Liability Waivers are not a Silver Bullet

Increasingly, it seems people have by-and-large socially distanced themselves from social distancing. As once-empty establishments, events and streets refill with people, the threat of coronavirus nevertheless looms and, with it, the inevitable considerations of potential liability.

Americans venturing out to salons and gyms after sheltering in place are being met with a new ritual: signing away their right to sue. Gyms, hair salons, theme parks, dentists and others are asking patrons to sign liability waivers. Coronavirus waivers are even required for would-be lawyers taking the July bar exams in Mississippi and North Carolina. Though some in Congress are contemplating shielding businesses from coronavirus-liability, we predict that waivers of liability will increasingly become the new normal as long as the pandemic continues and perhaps beyond.
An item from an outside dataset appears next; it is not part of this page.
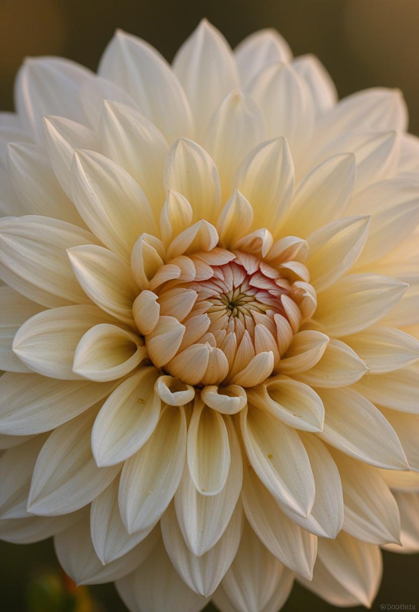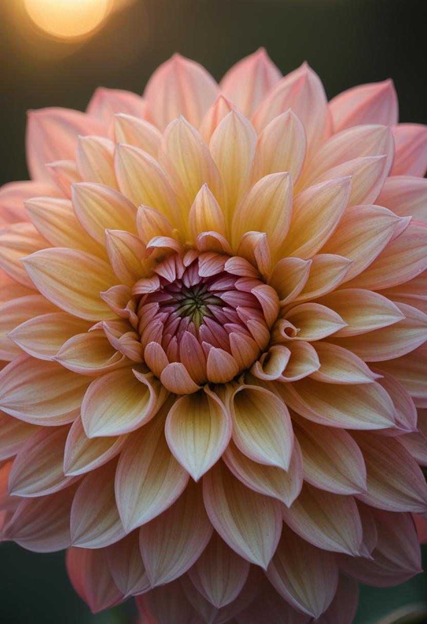 18. A surreal top-down view of a dahlia in golden hour light, glowing with soft hues, creating a dreamy, ethereal dahlia aesthetic.

So much so that President Donald Trump’s campaign is requiring rally-goers to agree to a waiver in which they agree not to sue the campaign if they contract the virus at a planned Trump rally in Tulsa, Oklahoma. The disclaimer goes on to warn that attending Trump’s rally, attendees and their guests “voluntarily assume all risks related to exposure to COVID-19” and agree not to hold the Trump Campaign, and a slew of other related parties, “liable for any illness or injury.”

This piqued our curiosity, so we wrote up this analysis in which we discuss the laws regarding waivers of liability — generally — and whether the Trump waivers of liability are likely to hold up, specifically (spoiler alert: not really).

What is a waiver?

Waivers are unusual legal creatures that sit at the juncture of two different areas of law — torts and contracts. Tort law is the law of negligence and defines what we owe to each other in everyday life. So, for example, texting while driving is considered grossly negligent. Likewise, businesses are considered negligent when they expose their customers to additional risk, like if they left a banana peel on the floor, or serve unreasonably hot coffee.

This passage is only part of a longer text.